March 23, 2009
Physician Heal Thyself: Some Wrongheaded Ideas About Fish
By Michael D. Shaw
The third line of the original Hippocratic oath, as translated from the Greek states, “I will prescribe regimens for the good of my patients according to my ability and my judgment and never do harm to anyone.” In the popular parlance, this has become “First, do no harm.” Perhaps Dr. David Jenkins should have thought about that before he submitted his manuscript, entitled “Are dietary recommendations for the use of fish oils sustainable?” to the Canadian Medical Association Journal.
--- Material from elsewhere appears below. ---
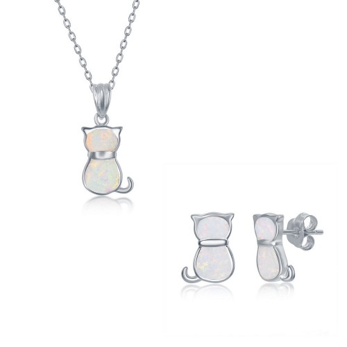 Sterling Silver White Inaly Opal Necklace and Earrings Set – Cat

The article, which appears in the March 17, 2009 issue of the Journal, was written in collaboration with five others, including Canadian icon, and some say latter-day Baron Münchhausen—Farley Mowat.
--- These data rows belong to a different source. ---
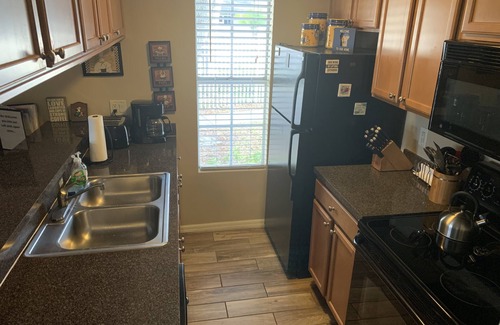 This is a fully furnished 2 Bed, 2 Bath condo. The Master Suite takes up the whole upstairs and is an open loft with a walk-in closet, vanity and private bath with walk-in shower. A queen size bed, two dressers to accommodate short stays or long. You have a beautiful view of the Lake from all rooms and are also overlooking the Pool. This spacious 967 Square foot of living space will provide you with a full working kitchen with over the stove microwave and new dishwasher. New fans throughout.
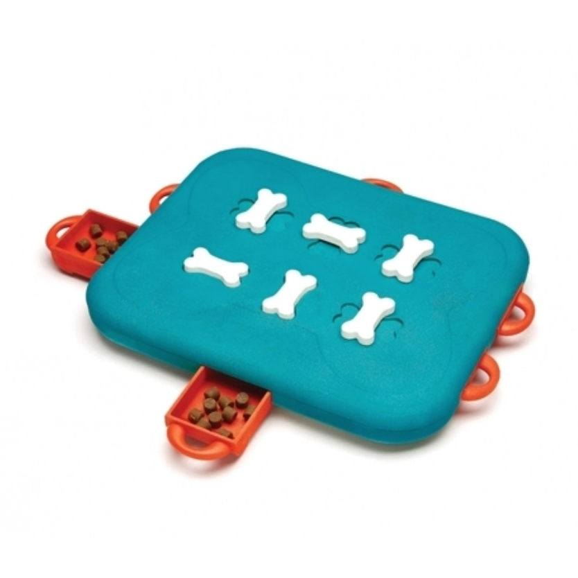 HOW TO PLAY: With bones in unlocked position, open drawers and drop in treats or kibble. Close drawers and lock bones. Let the games begin! Place the game on the floor and encourage your pet to seek treats. Dogs are smarter than you think. Sometimes we just need to teach them! Leave bones unlocked and a drawer or two open to gain your dog´s interest.
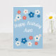 Ett sött blommigt-födelsedagskort för din fantastisk Moster! Det här har en enkel design med blå, vita och röda blommor runt, söt och elegant. Insidan av kortet lämnas tomt för att du ska kunna skapa ditt eget personliga meddelande.

The gist of the article is that we must stop eating fish, even if there are health benefits, because insufficient attention has been paid to the potential environmental impact of increased fish consumption, given the serious decline in global fish stocks. In short, relying on fish is not sustainable. The article also calls into question the widely-touted benefits of omega-3 fatty acids.
Jenkins certainly seems to be the contrarian here, and tends to cherry-pick studies that bolster his position, but even then he has to concede that, “At best, fish oils are likely only one factor among others that may reduce the risk of coronary artery disease.” Thus, we have the familiar “confounding factors” argument, whereby the parameter under study may only be a marker for an overall healthier lifestyle, and not be the main reason for the health benefit.
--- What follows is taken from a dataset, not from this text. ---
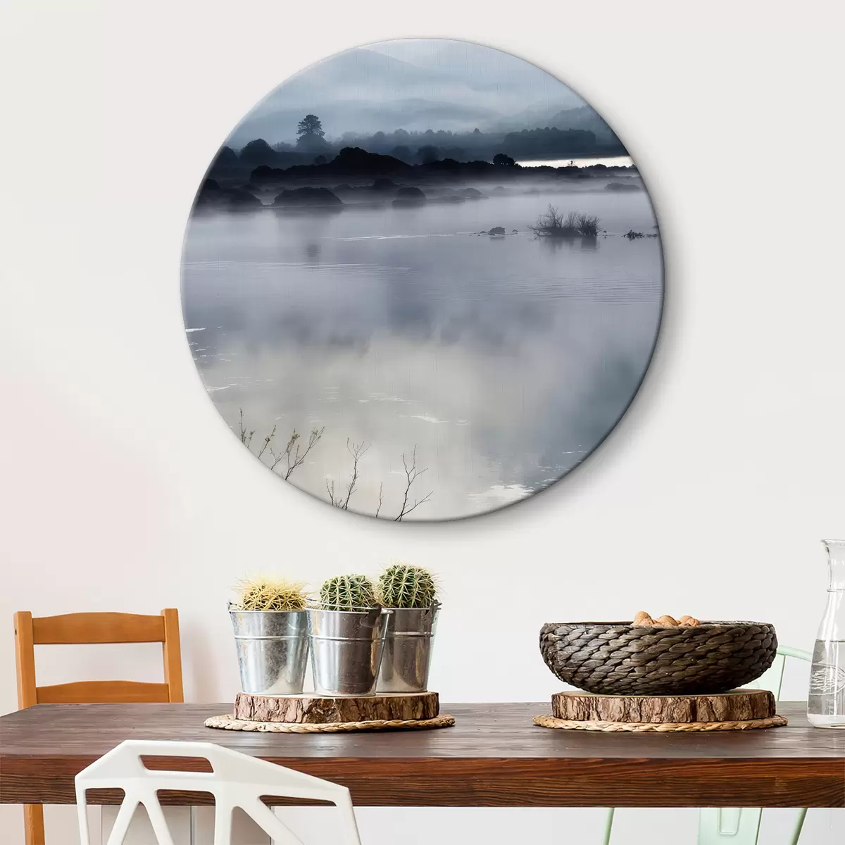 Obrázok Hmlisté jazero obklopené siluetami kopcov a stromov v pozadí, s pokojnou, odrážajúcou sa hladinou Nr r40552

Jenkins fails to note that all epidemiological studies are subject to confounding factors, and have statistical control mechanisms in place to correct for such factors, assuming that they are known. If they are unknown, then this becomes a straw man argument, since any study could of course be influenced by unknown factors in an unknown manner—including his!
As to the environmental impact of fish consumption, the article alarmingly notes that, “even at current levels of fish consumption, fisheries globally have reached a state of severe crisis.” Interestingly, three of the four studies cited to prove this shrill hypothesis feature two of the current article’s authors. In other words, they are quoting themselves as the authority, a practice frowned upon in serious scholarship. This is only done in scientific papers to reference earlier work, and not to prove a statement as sweeping as the one I quoted.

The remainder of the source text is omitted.